Waiver of Jury Trial.  THE BORROWER AND THE BANK HEREBY WAIVE TRIAL BY JURY IN
ANY JUDICIAL PROCEEDING INVOLVING, DIRECTLY OR INDIRECTLY, ANY MATTER (WHETHER
SOUNDING IN TORT, CONTRACT OR OTHERWISE) IN ANY WAY ARISING OUT OF, RELATED TO,
OR CONNECTED WITH THIS AGREEMENT OR THE RELATIONSHIP ESTABLISHED HEREUNDER.

[Remainder of page intentionally left blank.]

Please acknowledge your agreement to the foregoing by signing and returning a
copy of this Agreement.

JPMORGAN CHASE BANK, N.A.

By: /s/ David N. Slezewski

Name: David N. Slezewski

22 E. Mifflin St.
Madison, WI 53703

Attention: David N. Slezewski
Telephone: 608-282-6575
Facsimile:  608-282-6596

Agreed to as of the date first above written:

MADISON GAS AND ELECTRIC COMPANY

By /s/ Jeffrey C. Newman

Name: Jeffrey C. Newman

Title:  Vice President and Treasurer

133 S. Blair St.
Madison, WI  53701

Attention: Vice President and Treasurer

Telephone: 608-252-7149

Facsimile:  608-252-7098

EXHIBIT A

Form of
Borrowing Request

JPMorgan Chase Bank, N.A.

[Address]

Attention:  

Telephone:

Facsimile:  

Ladies/Gentlemen:

Please refer to the Credit Agreement dated as of August 29, 2008 between the
undersigned and JPMorgan Chase Bank, N.A. (as amended from time to time, the
“Credit Agreement”).  Capitalized terms used but not defined herein have the
respective meanings set forth in the Credit Agreement.

The Borrower requests a Loan as follows:

1.

Date of Loan:

.

2.

Amount of Loan:

$

.

3.

Rate Basis:

[Eurodollar or Base] Rate.

[4.

Initial Interest Period:

 month[s].]

The Borrower represents and warrants that (a) all of the representations and
warranties set forth in Section 5 of the Credit Agreement are true and correct
in all material respects as of the date of the requested Loan, except to the
extent any such representation or warranty is stated to relate solely to an
earlier date, in which case such representation or warranty shall have been true
and correct on and as of such earlier date, and (b) no Default or Unmatured
Default has occurred and is continuing or will result from the making of such
Loan.

MADISON GAS AND ELECTRIC COMPANY

By

Title

EXHIBIT B

Form of
Conversion/Continuation Request

JPMorgan Chase Bank, N.A.

[Address]

Attention:  

Telephone:

Facsimile:  

Ladies/Gentlemen:

Please refer to the Credit Agreement dated as of August 29, 2008 between the
undersigned and JPMorgan Chase Bank, N.A. (as amended from time to time, the
“Credit Agreement”).  Capitalized terms used but not defined herein have the
respective meanings set forth in the Credit Agreement.

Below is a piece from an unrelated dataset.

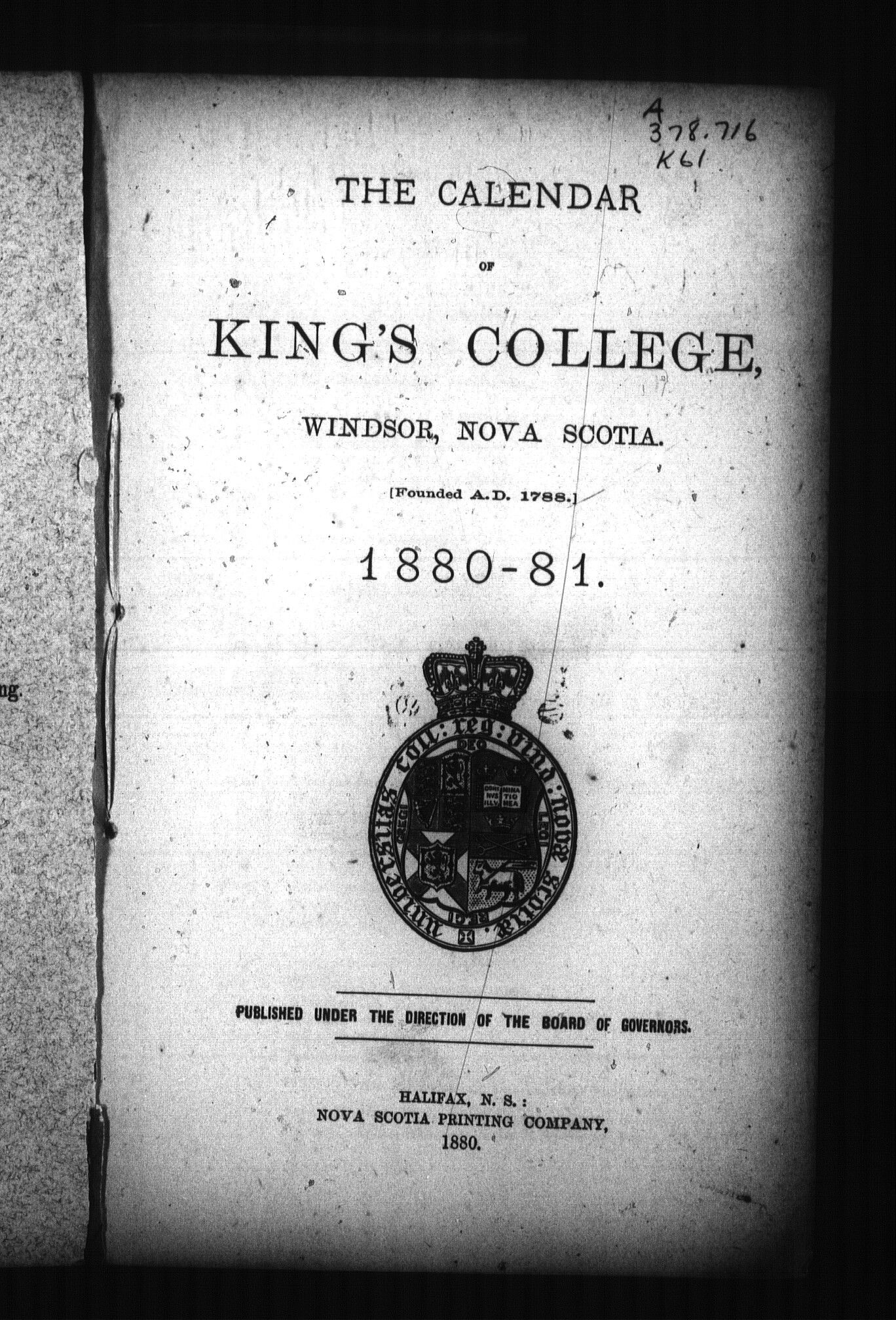 - The calendar of King's College, Windsor, Nova Scotia, 1880-81 : 1880/81

The Borrower requests the [conversion] [continuation] of the Loan specified
below as follows:

1.

The Conversion/Continuation Date is            , 20__.

2.

The aggregate amount of the Loan to be [converted] [continued] is $            .

3.

The Loan is to be [converted into] [continued as] [Base Rate] [Eurodollar]
Loans.

[4.

The duration of the Interest Period for the Eurodollar Loans being [converted]
[continued] shall be [     ] month[s]].